LINCOLN, Neb. (AP) — Ten-year-old Cole Klein sat matter-of-factly before a Nebraska health committee on Thursday and told lawmakers about his golf game, his sometimes-annoying little brother and his love of recess.
Then he turned to a more serious subject: The three open-heart surgeries he has endured, and the stent in his pulmonary artery to buy him time before he has to face a fourth.
Klein and his mother, Tiffany Mytty-Klein, were among a handful of advocates who urged lawmakers to support a bill that would require congenital heart screens as a way to help spot potential health threats.
"Like many children born with a heart defect, it's difficult to know about our hearts by simply looking at us," the younger Klein said. "It doesn't matter if we're 10 years old or 10 hours old. Usually, it's only once we're really sick before somebody knows — and too many times, it's too late before anyone knows.
The bill was sponsored by Sen. Jim Smith, of Papillion. The Health and Human Services Committee will decide whether to advance the bill for legislative debate.
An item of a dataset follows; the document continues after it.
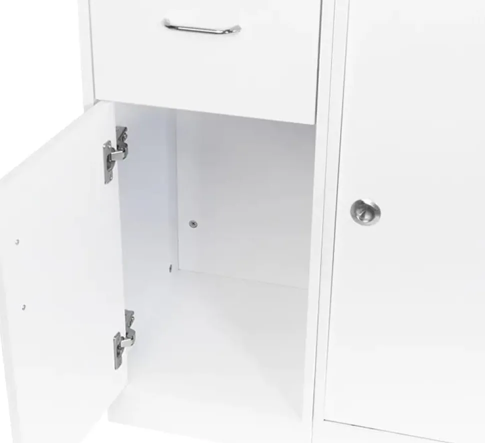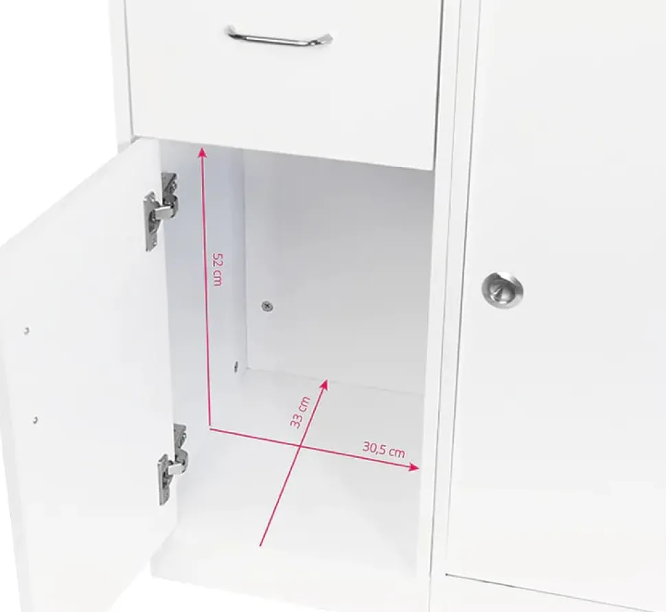 I sin indre del er der skabe og skuffer samt adgang til det midterste rum.
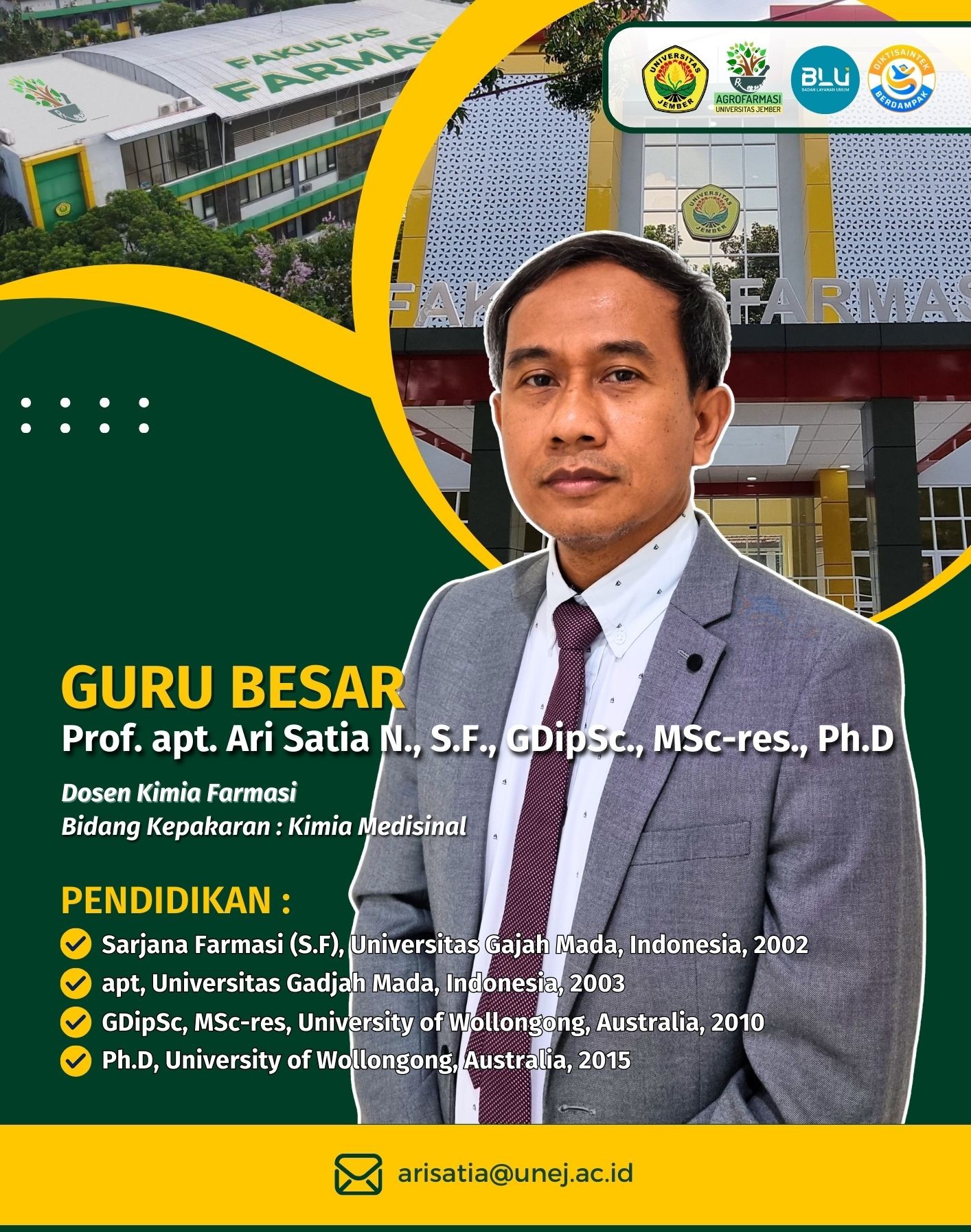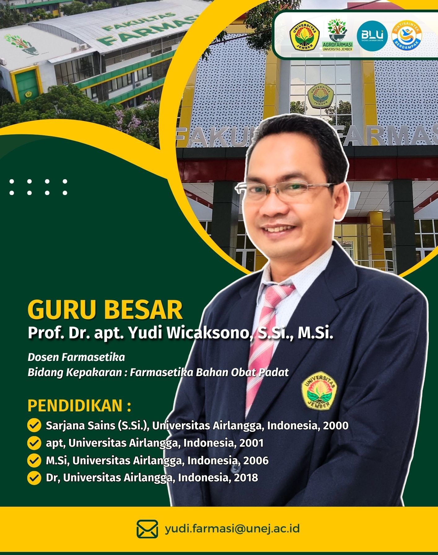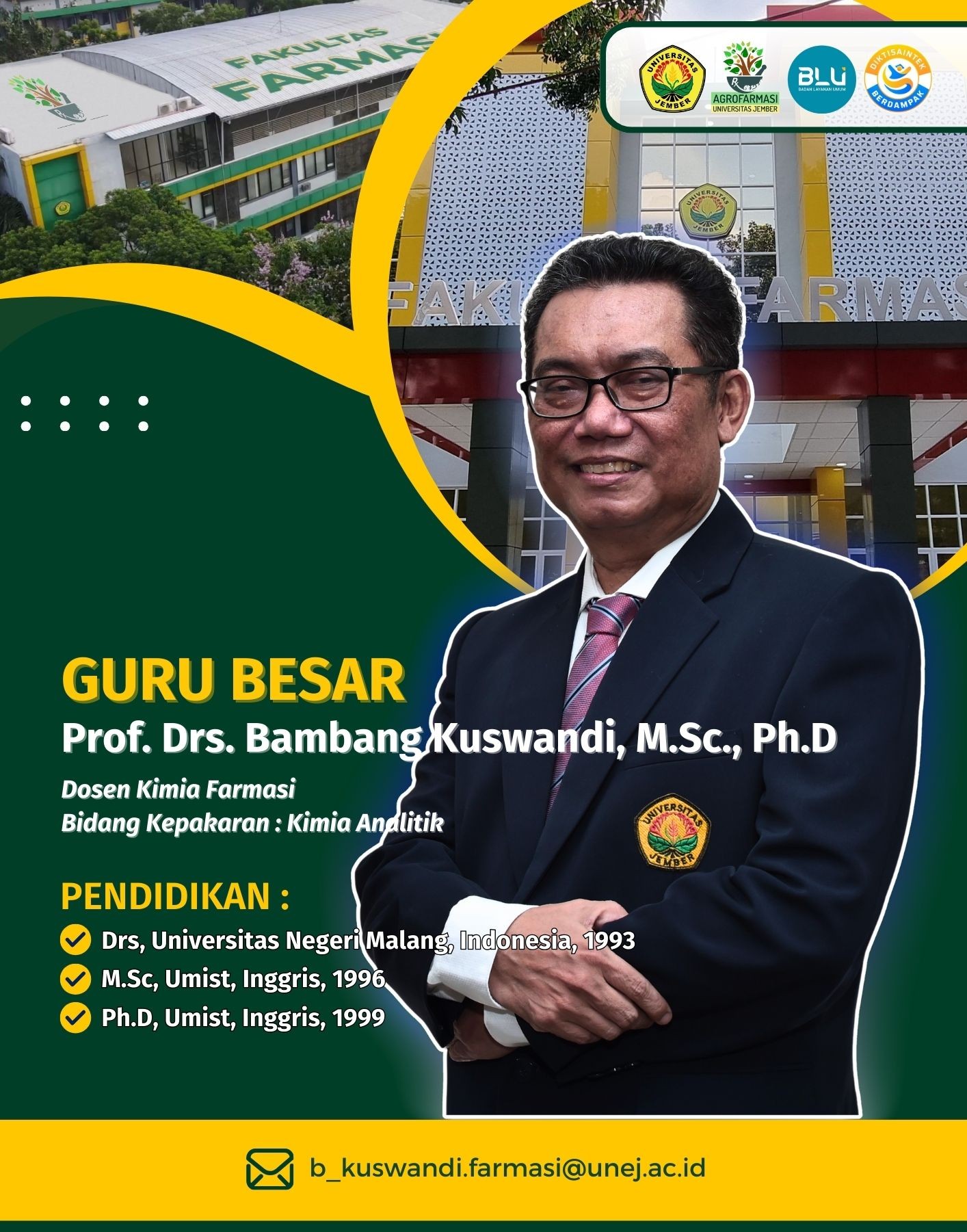 Prof. Drs. Bambang Kuswandi, M.Sc., Ph.D. – Prof. apt. Ari Satia Nugraha, S.F., GDipSc., MSc-res., Ph.D. – Prof. Dr. apt. Yudi Wicaksono, S.Si., M.Si. –

"Generally, I'm not one who supports government mandates, such as this," Smith said. "But after studying this issue and visiting with professionals and families impacted by (the disease), I became convinced that requiring screening is the right thing for us as a state to do."
Dr. Robert Spicer, the chief cardiologist at Children's Hospital and Medical Center in Omaha, told lawmakers that that the heart condition is the most common birth defect in newborns. It also can lead to cardiogenic shock and death if undetected.